#### EXERCISE:
Excluding pictures, reproduce word for word the lines from the one containing "Asukastyöpaja on osa" through the end of the material below.

#### DATASET CONTENT:
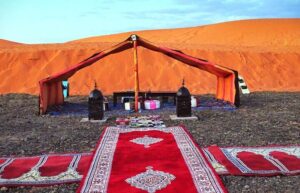 Los camellos estarán listos con un guía para llevarles al desierto de Erg Chebbi, donde disfrutarán de un interesante paseo de una hora. Al llegar al campamento, el equipo les mostrará su tienda de lujo con baño privado.
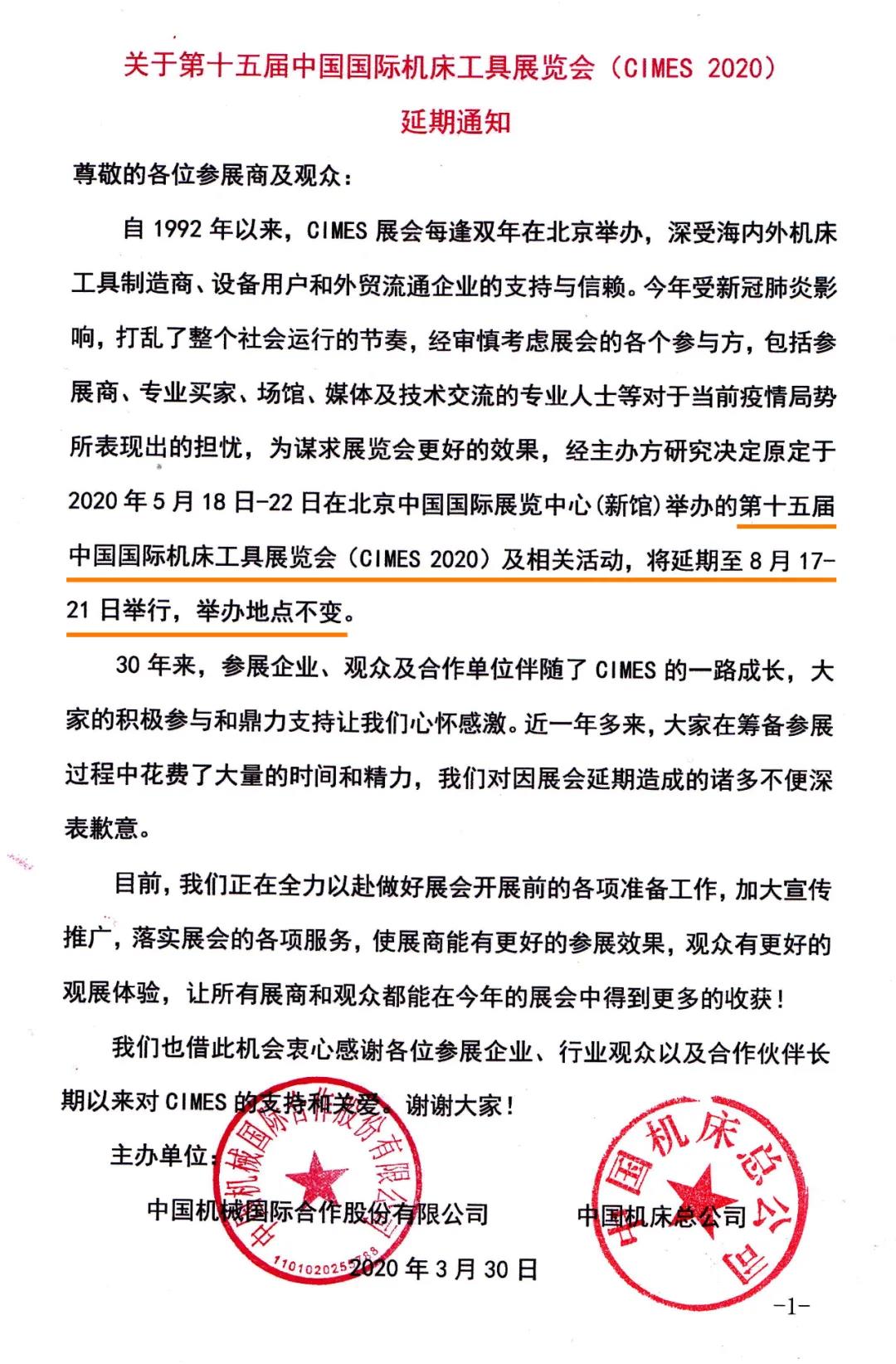 根據(jù)機(jī)床展設(shè)計(jì)搭建公司領(lǐng)藝展覽了解到,CIMES北京機(jī)床展定檔啦!2020年8月17-21日,在一起再出發(fā)!如需機(jī)床展設(shè)計(jì)請聯(lián)系領(lǐng)藝展覽,希望我們能在機(jī)床展搭建上為您添磚加瓦,祝各位朋友收獲多多,滿載而歸!
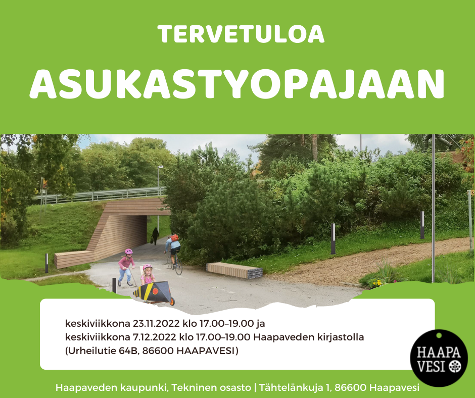 Asukastyöpaja on osa Haapaveden kaupungin valmistelemaa taajaman viheralueohjelmaa, jonka tavoitteena on selvittää muun muassa kaupungin omistaman taajaman viheralueverkon nykytilaa ja kehittymistarvetta tulevan kymmenvuotiskauden aikana.
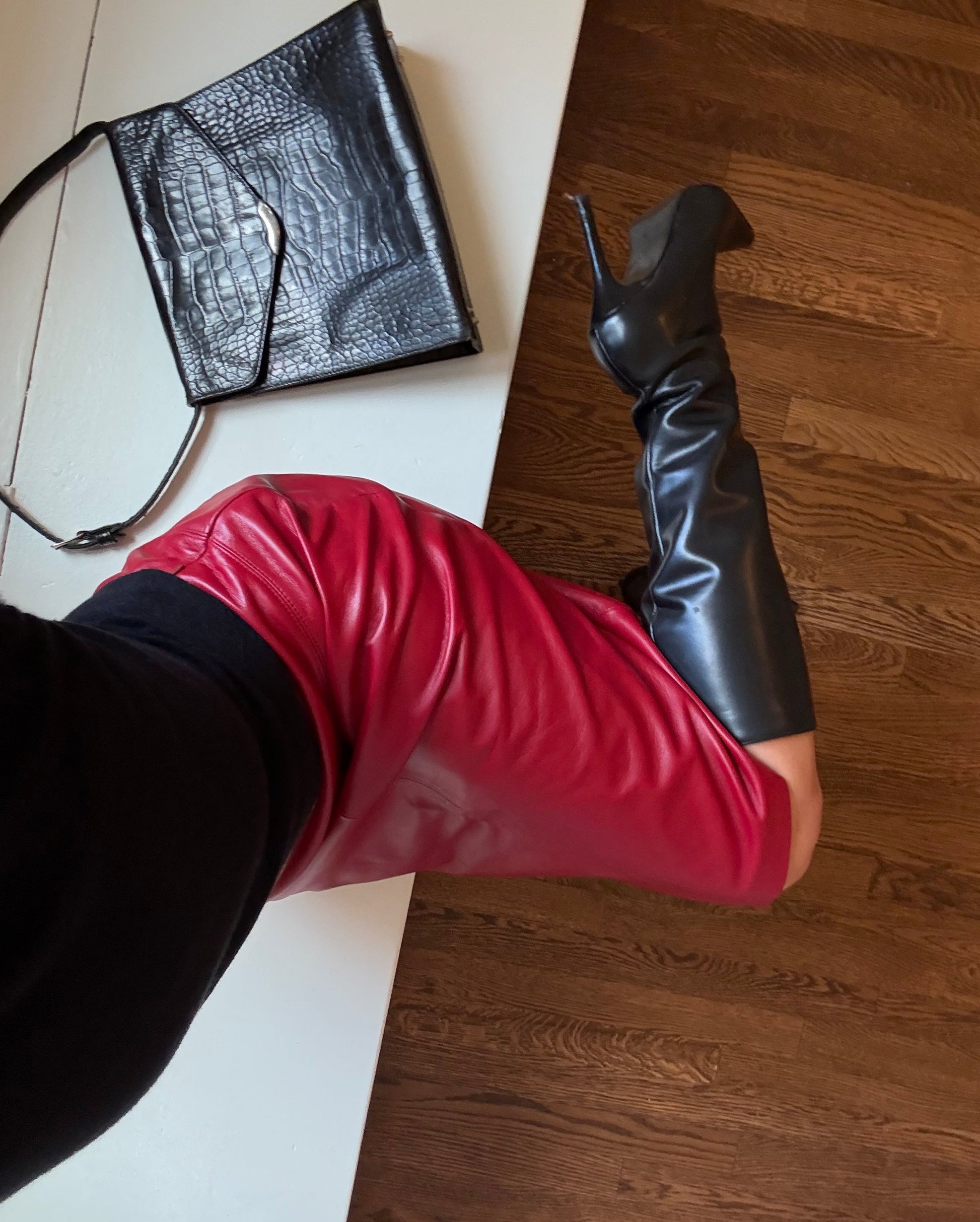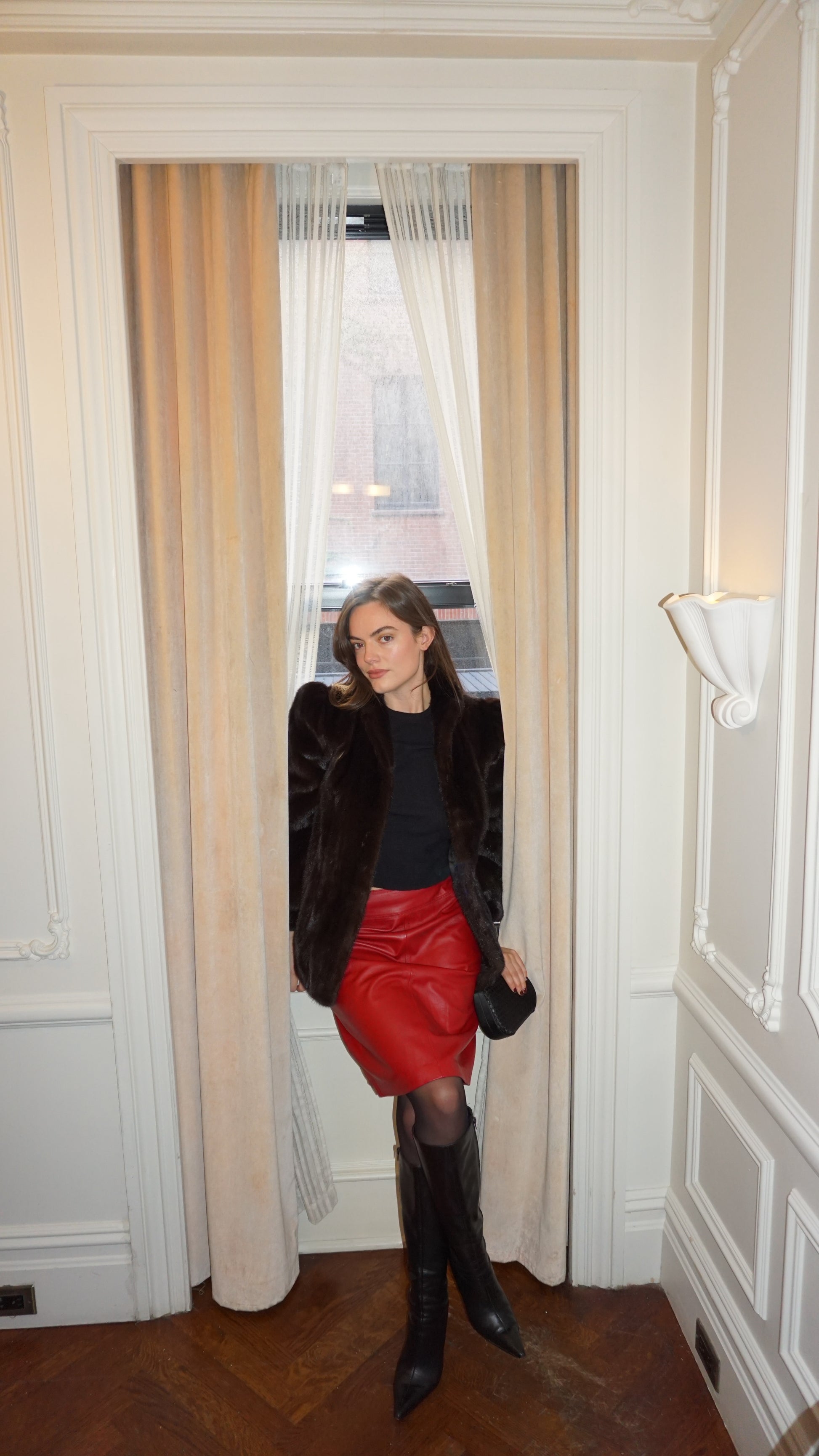 90s Red Leather Ralph Lauren Skirt with Back Slit

#### RESPONSE BELOW:
 Asukastyöpaja on osa Haapaveden kaupungin valmistelemaa taajaman viheralueohjelmaa, jonka tavoitteena on selvittää muun muassa kaupungin omistaman taajaman viheralueverkon nykytilaa ja kehittymistarvetta tulevan kymmenvuotiskauden aikana.
 90s Red Leather Ralph Lauren Skirt with Back Slit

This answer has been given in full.